→ TASK INPUTS
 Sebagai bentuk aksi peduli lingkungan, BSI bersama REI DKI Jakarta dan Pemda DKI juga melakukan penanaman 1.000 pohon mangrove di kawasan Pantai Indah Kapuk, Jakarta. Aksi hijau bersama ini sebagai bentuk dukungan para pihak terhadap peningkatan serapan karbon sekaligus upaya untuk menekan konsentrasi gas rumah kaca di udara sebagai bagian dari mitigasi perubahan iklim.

* * *

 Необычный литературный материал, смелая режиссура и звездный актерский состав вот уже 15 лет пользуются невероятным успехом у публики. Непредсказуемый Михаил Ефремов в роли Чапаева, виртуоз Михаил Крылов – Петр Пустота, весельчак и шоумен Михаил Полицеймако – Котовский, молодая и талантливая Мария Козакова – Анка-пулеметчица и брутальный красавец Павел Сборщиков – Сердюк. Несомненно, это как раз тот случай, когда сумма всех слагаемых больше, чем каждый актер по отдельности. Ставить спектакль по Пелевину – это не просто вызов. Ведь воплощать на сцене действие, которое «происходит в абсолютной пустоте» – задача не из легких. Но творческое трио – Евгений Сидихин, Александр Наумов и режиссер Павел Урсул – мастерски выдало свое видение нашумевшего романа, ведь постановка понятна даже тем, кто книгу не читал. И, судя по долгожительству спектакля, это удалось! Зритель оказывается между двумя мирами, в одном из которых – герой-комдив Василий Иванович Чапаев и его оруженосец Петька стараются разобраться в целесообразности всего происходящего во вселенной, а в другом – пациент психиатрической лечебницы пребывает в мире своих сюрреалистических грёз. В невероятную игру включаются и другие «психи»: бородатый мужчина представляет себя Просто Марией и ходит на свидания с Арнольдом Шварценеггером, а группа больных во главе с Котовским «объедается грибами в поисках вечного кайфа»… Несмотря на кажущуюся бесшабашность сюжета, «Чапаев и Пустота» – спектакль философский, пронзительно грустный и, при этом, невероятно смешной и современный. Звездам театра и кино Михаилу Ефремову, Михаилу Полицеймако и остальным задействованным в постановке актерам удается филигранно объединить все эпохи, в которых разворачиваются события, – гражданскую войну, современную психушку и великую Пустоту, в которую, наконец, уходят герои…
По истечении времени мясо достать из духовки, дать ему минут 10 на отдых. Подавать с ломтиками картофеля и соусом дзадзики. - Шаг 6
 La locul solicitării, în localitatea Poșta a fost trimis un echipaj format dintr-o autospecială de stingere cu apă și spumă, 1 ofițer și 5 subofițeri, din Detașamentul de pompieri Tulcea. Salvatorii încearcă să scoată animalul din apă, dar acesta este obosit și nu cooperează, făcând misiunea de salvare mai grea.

→ EXERCISE
Output exactly the lines of the material above from the one containing "Необычный литературный материал, смелая" up to and including the one containing "По истечении времени".

→ EXERCISE RESPONSE
 Необычный литературный материал, смелая режиссура и звездный актерский состав вот уже 15 лет пользуются невероятным успехом у публики. Непредсказуемый Михаил Ефремов в роли Чапаева, виртуоз Михаил Крылов – Петр Пустота, весельчак и шоумен Михаил Полицеймако – Котовский, молодая и талантливая Мария Козакова – Анка-пулеметчица и брутальный красавец Павел Сборщиков – Сердюк. Несомненно, это как раз тот случай, когда сумма всех слагаемых больше, чем каждый актер по отдельности. Ставить спектакль по Пелевину – это не просто вызов. Ведь воплощать на сцене действие, которое «происходит в абсолютной пустоте» – задача не из легких. Но творческое трио – Евгений Сидихин, Александр Наумов и режиссер Павел Урсул – мастерски выдало свое видение нашумевшего романа, ведь постановка понятна даже тем, кто книгу не читал. И, судя по долгожительству спектакля, это удалось! Зритель оказывается между двумя мирами, в одном из которых – герой-комдив Василий Иванович Чапаев и его оруженосец Петька стараются разобраться в целесообразности всего происходящего во вселенной, а в другом – пациент психиатрической лечебницы пребывает в мире своих сюрреалистических грёз. В невероятную игру включаются и другие «психи»: бородатый мужчина представляет себя Просто Марией и ходит на свидания с Арнольдом Шварценеггером, а группа больных во главе с Котовским «объедается грибами в поисках вечного кайфа»… Несмотря на кажущуюся бесшабашность сюжета, «Чапаев и Пустота» – спектакль философский, пронзительно грустный и, при этом, невероятно смешной и современный. Звездам театра и кино Михаилу Ефремову, Михаилу Полицеймако и остальным задействованным в постановке актерам удается филигранно объединить все эпохи, в которых разворачиваются события, – гражданскую войну, современную психушку и великую Пустоту, в которую, наконец, уходят герои…
По истечении времени мясо достать из духовки, дать ему минут 10 на отдых. Подавать с ломтиками картофеля и соусом дзадзики. - Шаг 6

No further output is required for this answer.